Would you retype the listing word for word, skipping its pictures?

DATA EXCERPT:
---+---
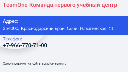 TeamOne. Команда первого, учебный центр по адресу 354000, Краснодарский край, Сочи, Навагинская, 11 в дальнейшем Организация, размещена в следующих категориях:
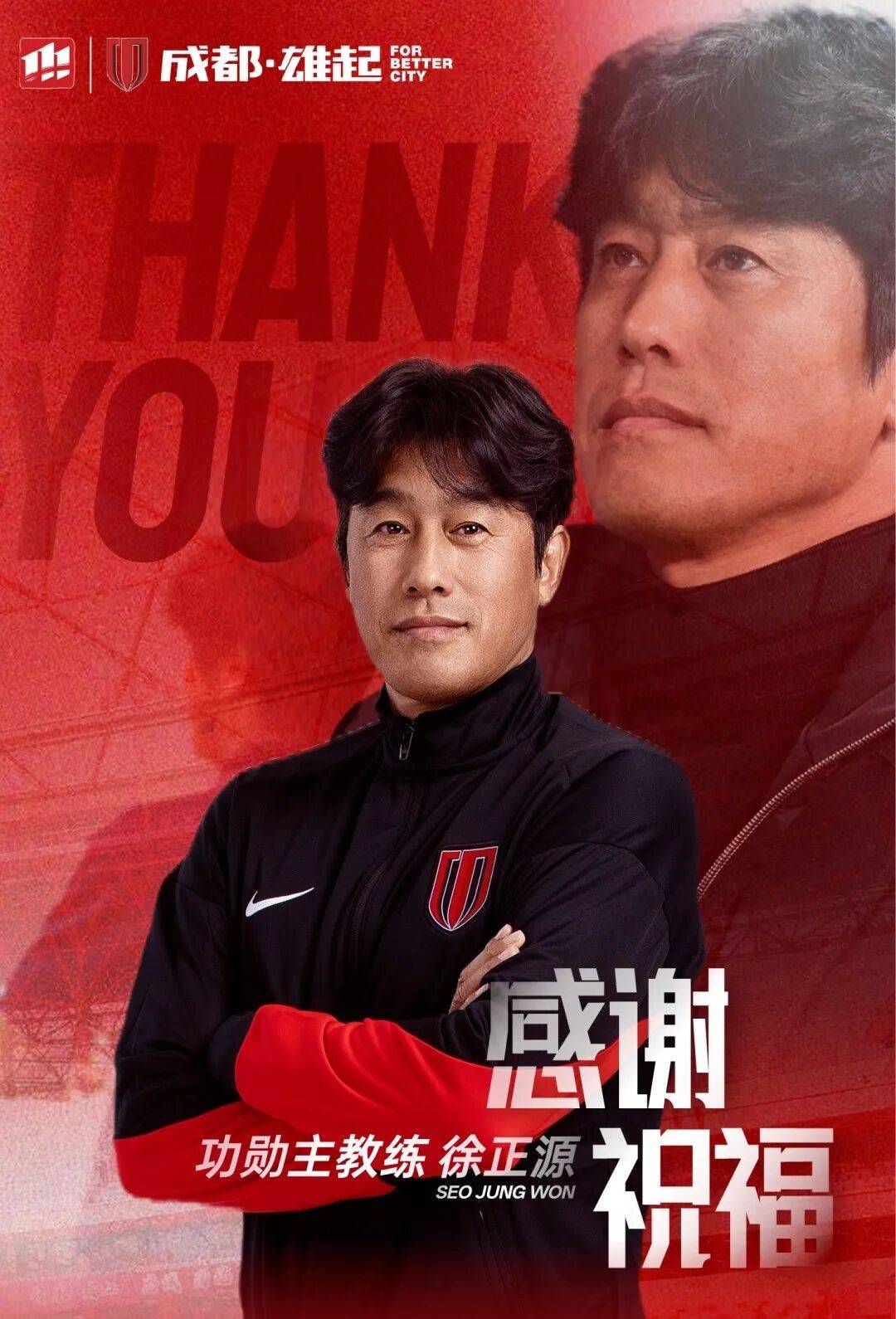 成都蓉城在官方公告中写道:“经友好协商,成都蓉城足球俱乐部与徐正源先生达成一致,决定不再续约,徐正源先生将不再担任成都蓉城足球俱乐部一线队主教练职务。在此,俱乐部全体成员谨向徐正源先生及其教练团队致以最诚挚的谢意。”
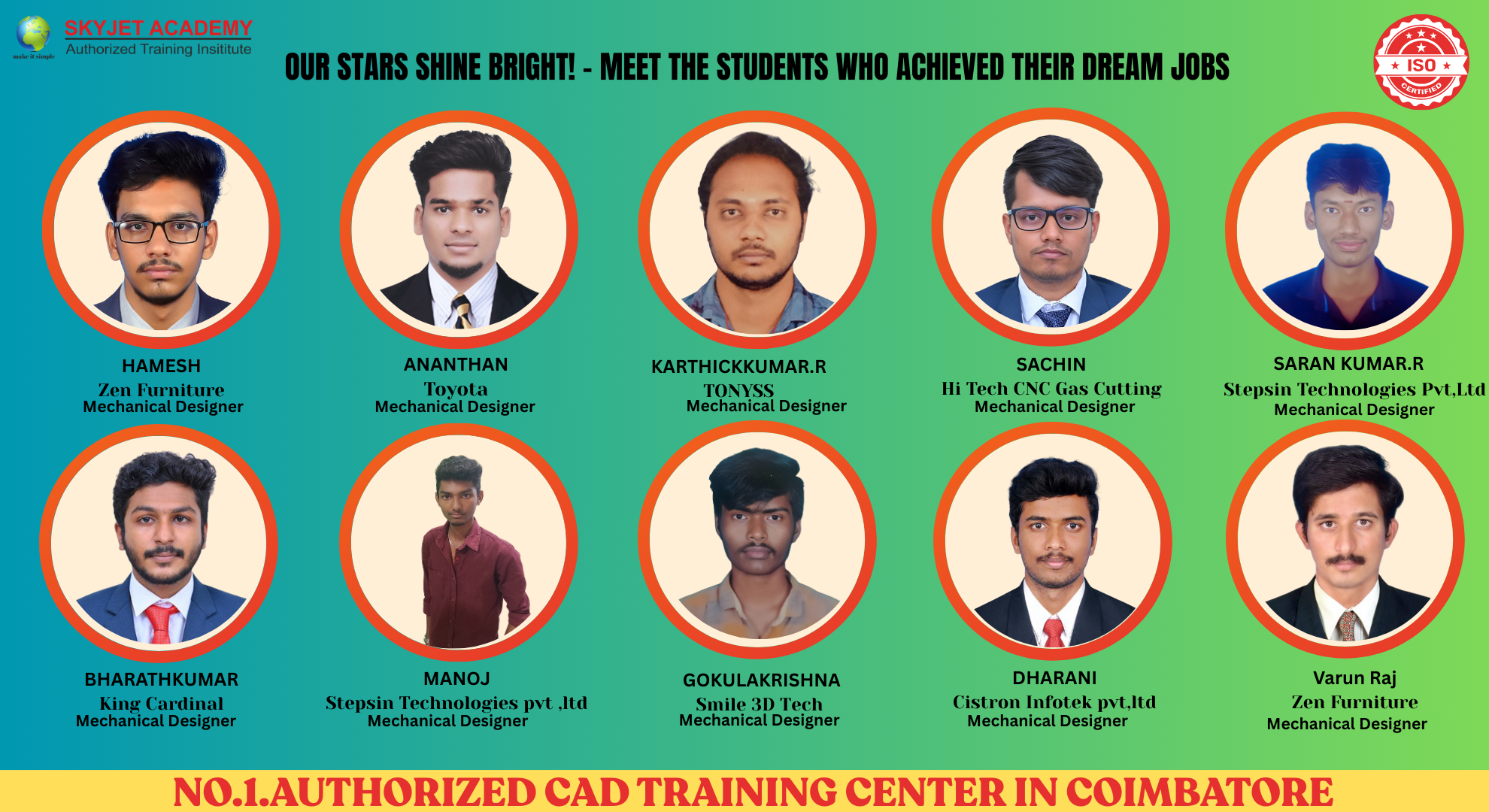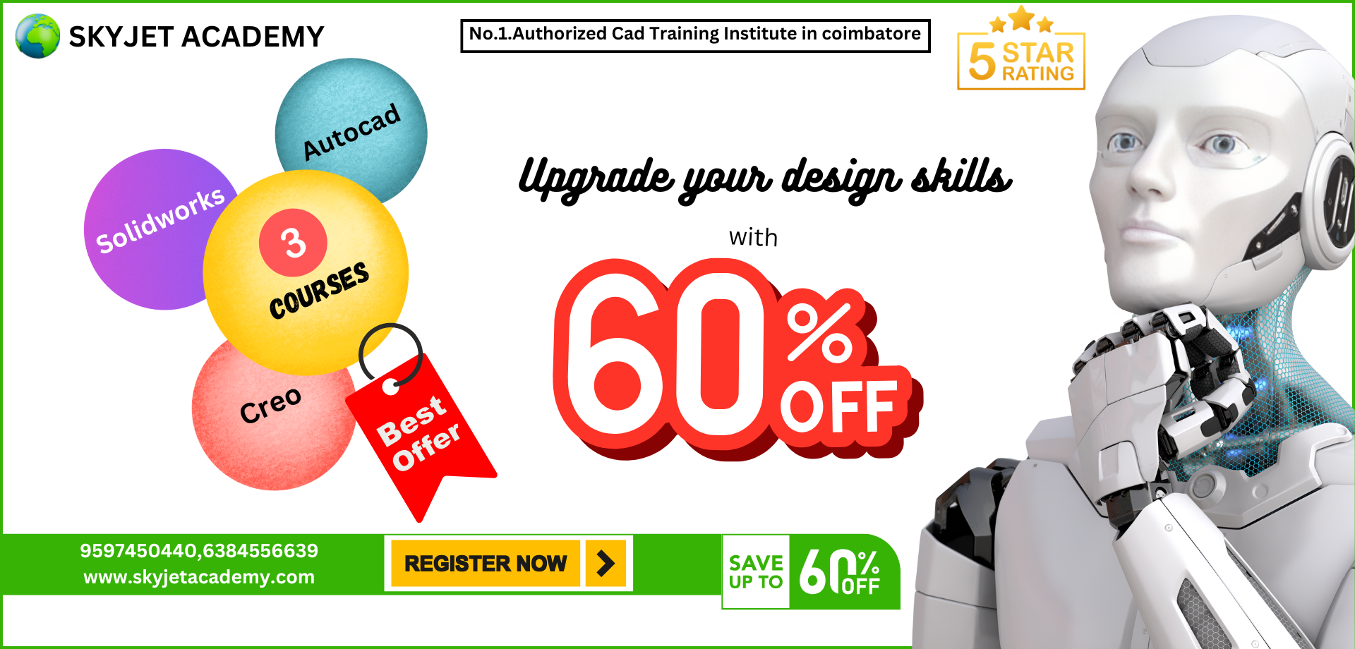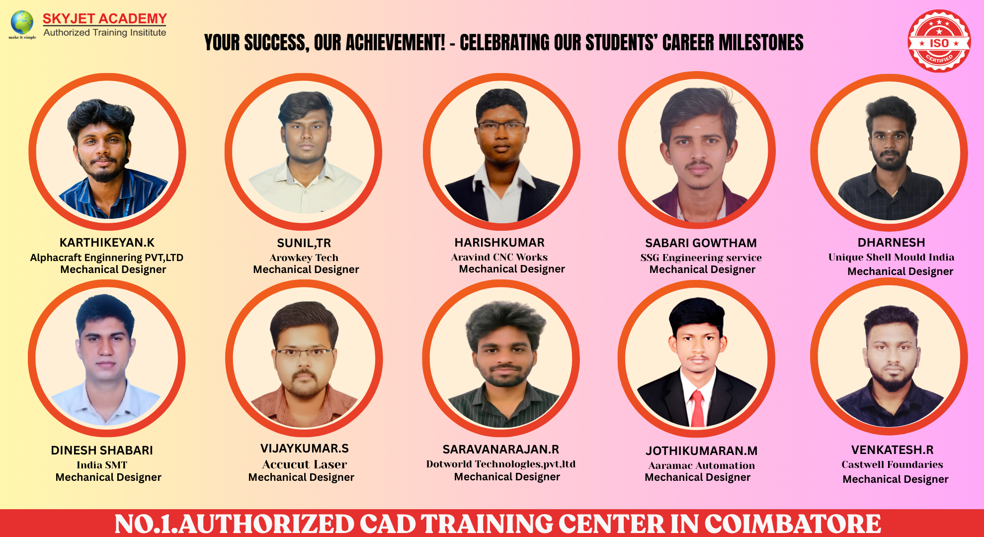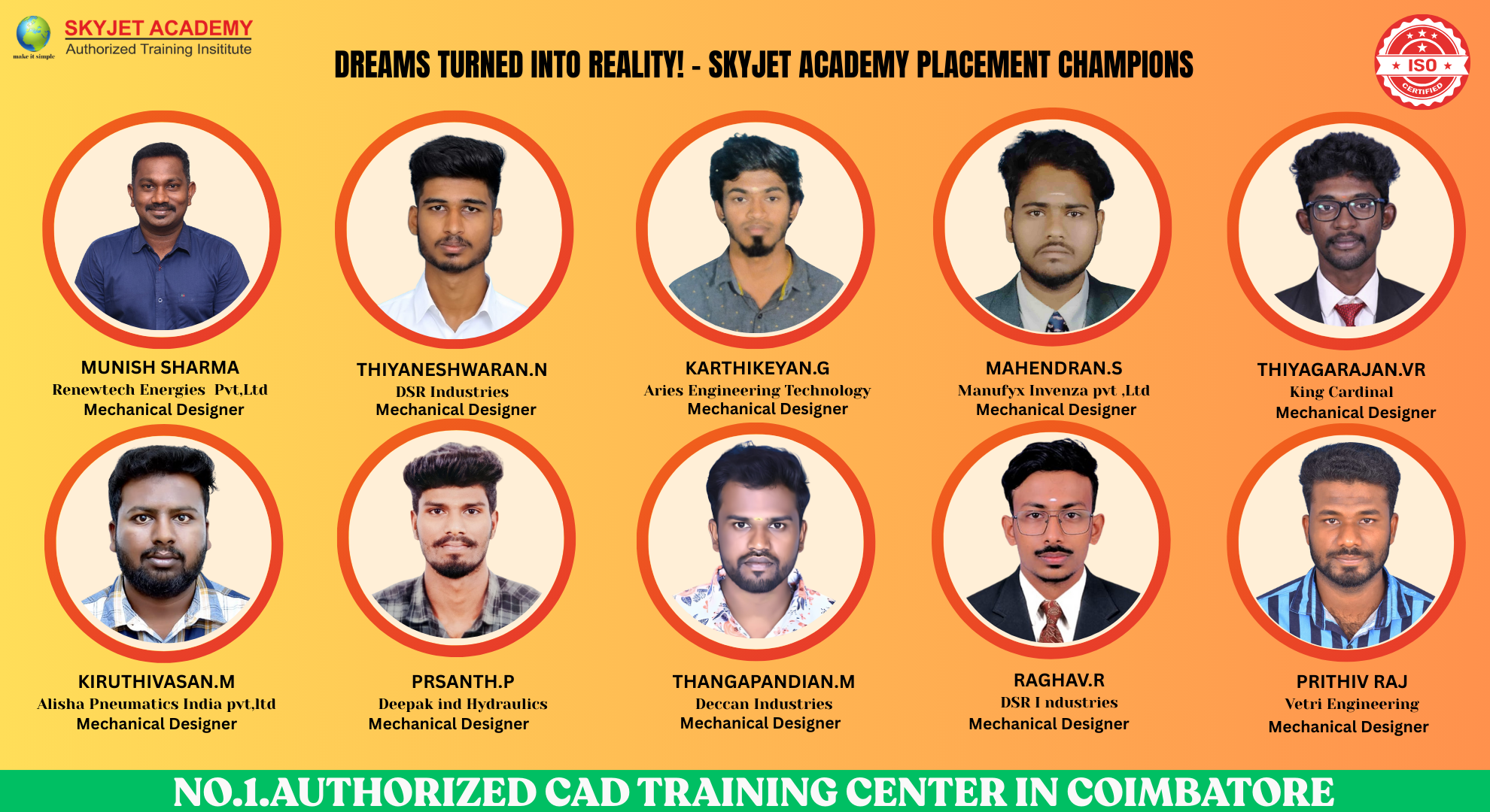 Skyjet Academy is a leading authorized CAD training institute in Coimbatore, specializing in SolidWorks, AutoCAD, CATIA, CREO, and Ansys. Since 2013, we have trained and guided thousands of students to become professional designers with placements in top companies.
---+---
TASK RESULT:
 TeamOne. Команда первого, учебный центр по адресу 354000, Краснодарский край, Сочи, Навагинская, 11 в дальнейшем Организация, размещена в следующих категориях:
 成都蓉城在官方公告中写道:“经友好协商,成都蓉城足球俱乐部与徐正源先生达成一致,决定不再续约,徐正源先生将不再担任成都蓉城足球俱乐部一线队主教练职务。在此,俱乐部全体成员谨向徐正源先生及其教练团队致以最诚挚的谢意。”
 Skyjet Academy is a leading authorized CAD training institute in Coimbatore, specializing in SolidWorks, AutoCAD, CATIA, CREO, and Ansys. Since 2013, we have trained and guided thousands of students to become professional designers with placements in top companies.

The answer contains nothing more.